▸ **The problem**: In the listing that follows, give every line again exactly and omit the pictures.

▸ **Input data**:
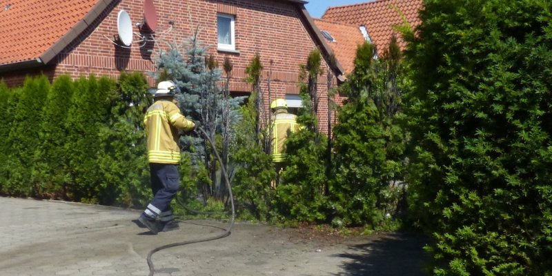 Bei Gartenarbeiten hatte sich eine Hecke spontan entzündet und drohte auf das Nachbarhaus überzugreifen. Ein Feuerwehrkamerad aus der Nachbarschaft konnte den Brand in der Entstehung mit einem Feuerlöscher löschen, sodass die Feuerwehr Landesbergen lediglich 500 Liter zu Nachlöscharbeiten einsetzen musste.
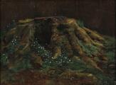 A tree stump overgrown with moss and anemonies. Signed and dated F. H. Sødring 1857 on the reverse. Oil on canvas. 30×40 cm.
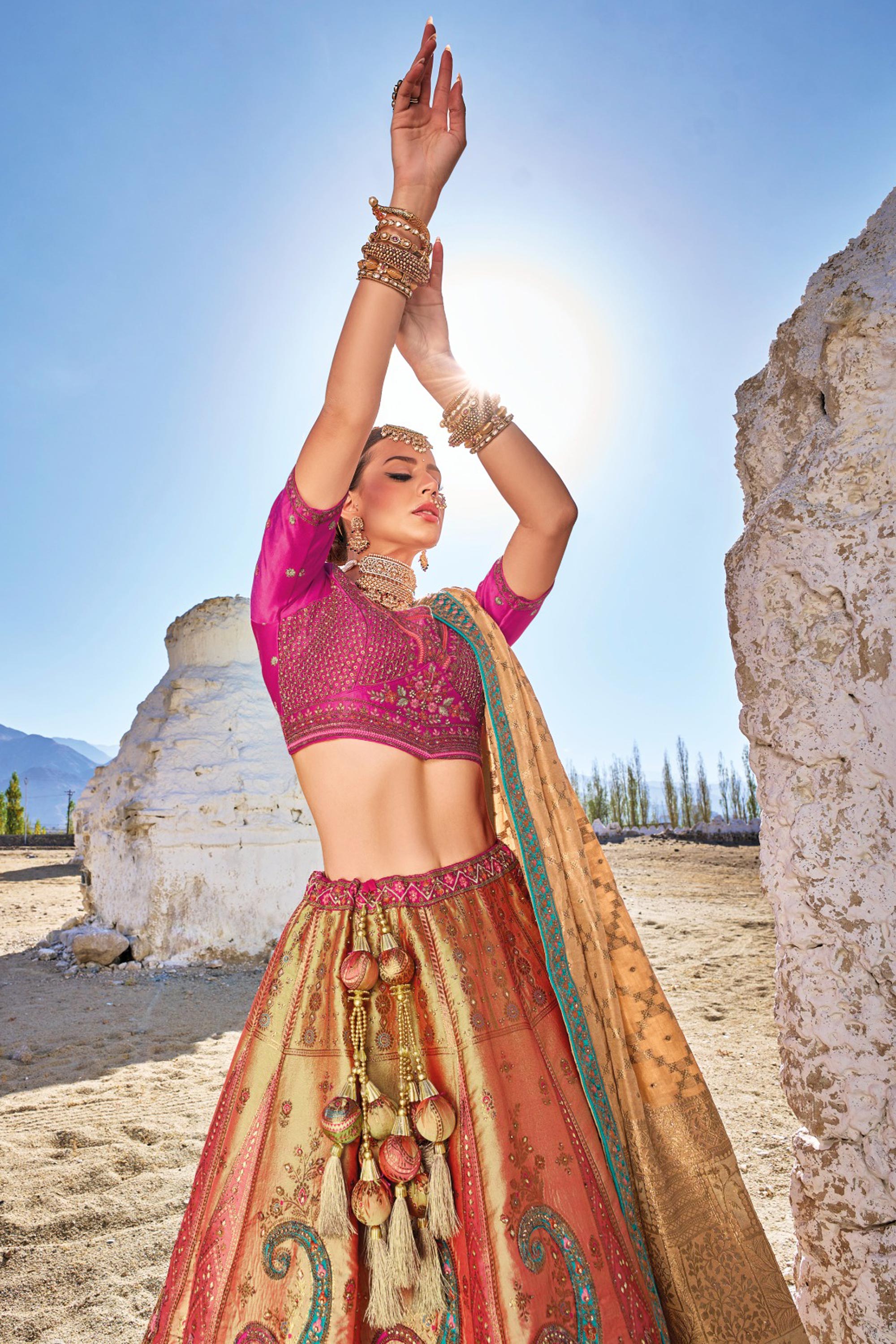 Embroidered Multi Color Bridal Lehenga In Banarasi Silk Fabric With Designer Choli

▸ **Result below**:
 Bei Gartenarbeiten hatte sich eine Hecke spontan entzündet und drohte auf das Nachbarhaus überzugreifen. Ein Feuerwehrkamerad aus der Nachbarschaft konnte den Brand in der Entstehung mit einem Feuerlöscher löschen, sodass die Feuerwehr Landesbergen lediglich 500 Liter zu Nachlöscharbeiten einsetzen musste.
 A tree stump overgrown with moss and anemonies. Signed and dated F. H. Sødring 1857 on the reverse. Oil on canvas. 30×40 cm.
 Embroidered Multi Color Bridal Lehenga In Banarasi Silk Fabric With Designer Choli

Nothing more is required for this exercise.